A retailer offers a discount of 32 percent on the marked price of goods and therefore sells exactly at the cost price. What is the percentage mark up of the marked price over the cost price?

Introduction / Context:
This question links percentage discount with percentage markup. The retailer first increases the cost price to set a marked price, and then applies a discount such that the final selling price returns to the original cost price. The task is to determine what markup percentage is needed so that a discount of 32 percent exactly cancels the markup.

Given Data / Assumptions:
Let cost price be C. Marked price is some percentage above C. Discount rate on marked price = 32 percent. Selling price after discount equals cost price. We need to find percentage markup of marked price over cost price.

Concept / Approach:
If marked price is C multiplied by (1 plus markup rate), and discount is 32 percent, then selling price is marked price multiplied by (1 minus 32/100). We are told that this selling price equals C, so we can form an equation and solve for markup rate. This is a classic percentage composition problem that combines increase and decrease.

Step-by-Step Solution:
Let markup rate be m percent. Then marked price M = C * (1 + m/100). Discount is 32 percent, so selling price S = M * (1 - 32/100) = M * 0.68. Given S = C, so C = C * (1 + m/100) * 0.68. Divide both sides by C (C is non zero): 1 = (1 + m/100) * 0.68. So 1 / 0.68 = 1 + m/100. Compute 1 / 0.68 = 100 / 68 = 25 / 17 = 1.470588 approximately. Thus 1.470588 = 1 + m/100, so m/100 = 0.470588. Therefore m = 47.0588 percent, which rounds to 47.05 percent.

Verification / Alternative check:
Assume cost price C = 100 units. With markup 47.05 percent, marked price is 147.05. Discount of 32 percent on 147.05 is 0.68 * 147.05 which equals about 100.0, matching the cost price. So the combination of markup and discount returns the selling price to cost price, confirming the result.

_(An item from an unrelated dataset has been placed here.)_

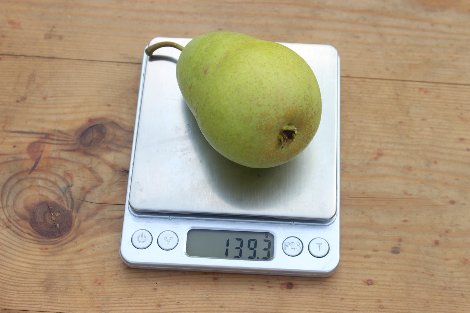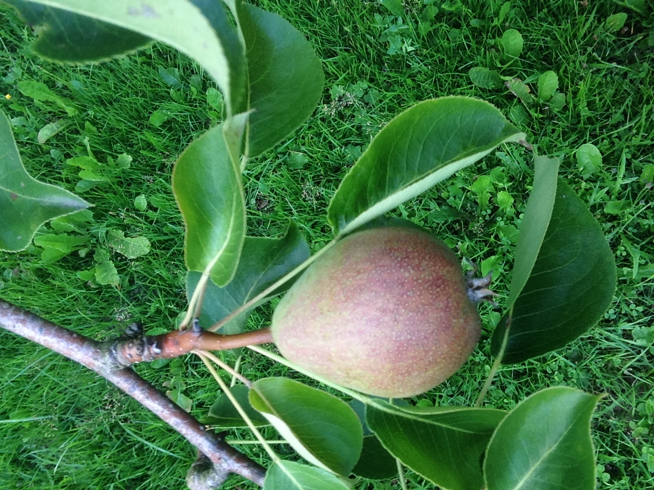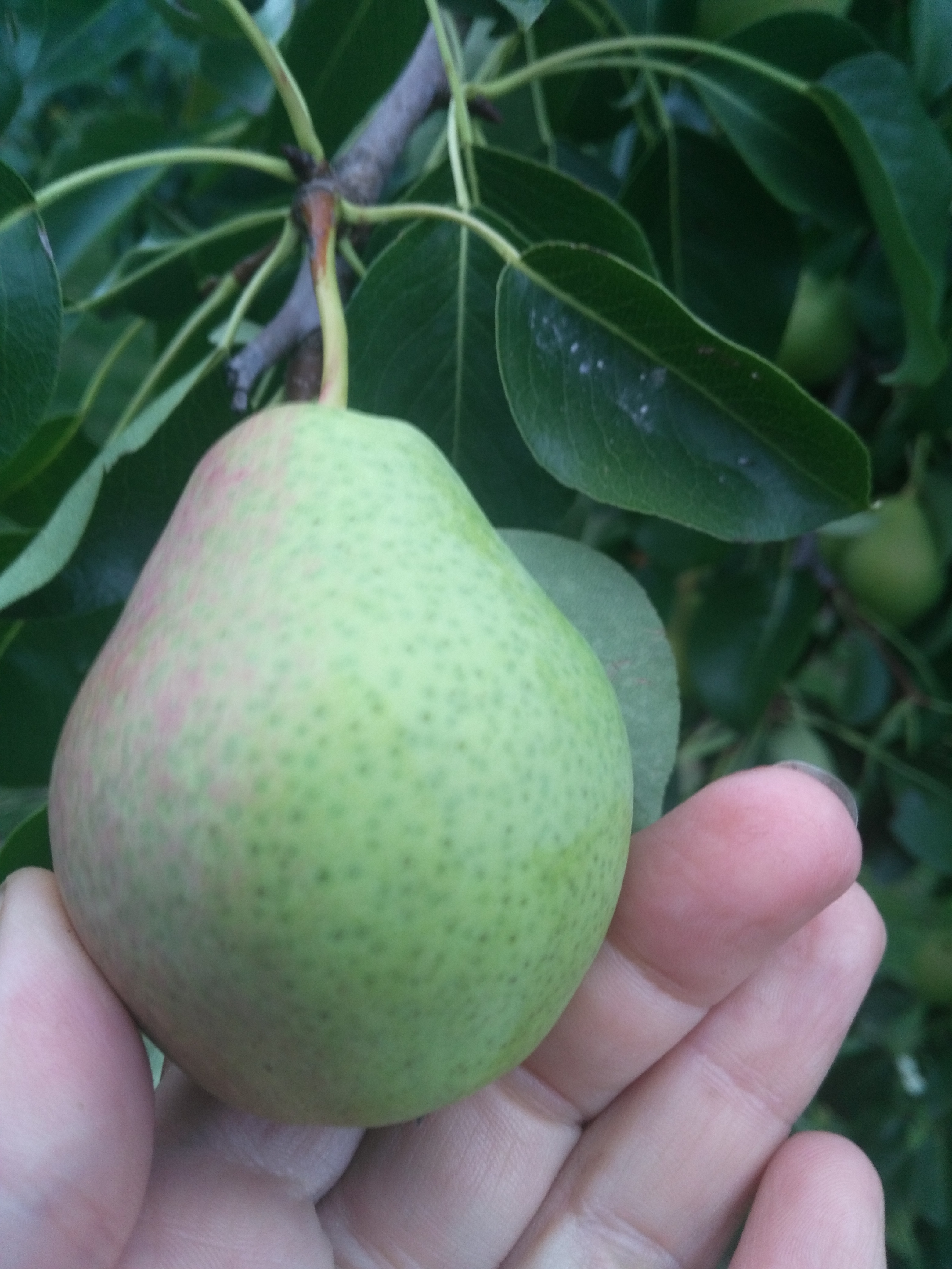 Сажал однолеткой осенью 2012 г. В этом году первое нормальное плодоношение, груш много, можно пробовать в разное время для понимания приблизительных сроков съема. Уже вполне съедобная, однако мякоть пока еще жестковата, хрустящая, хорошего кисло-сладкого вкуса. Снял несколько груш, подержу дома на предмет дозаривания.По-моему похожа, как считаете?

Why Other Options Are Wrong:
A markup of 24 percent or 22.34 percent would make the marked price too low, and after 32 percent discount the selling price would fall below cost price. A markup equal to 32 percent would lead to a loss instead of breaking even. Forty percent markup is still insufficient to balance a 32 percent discount. Only 47.05 percent markup precisely compensates for a 32 percent discount.

Common Pitfalls:
Many learners simply subtract 32 from 100 and conclude that 32 percent markup is enough, which is incorrect because increases and decreases are calculated on different bases. Another mistake is to assume that markup must equal discount. Instead, it is necessary to set up the equation linking cost price, marked price, and selling price correctly.

Final Answer:
The retailer must mark up the goods by approximately 47.05 percent over the cost price in order to sell at cost after a 32 percent discount.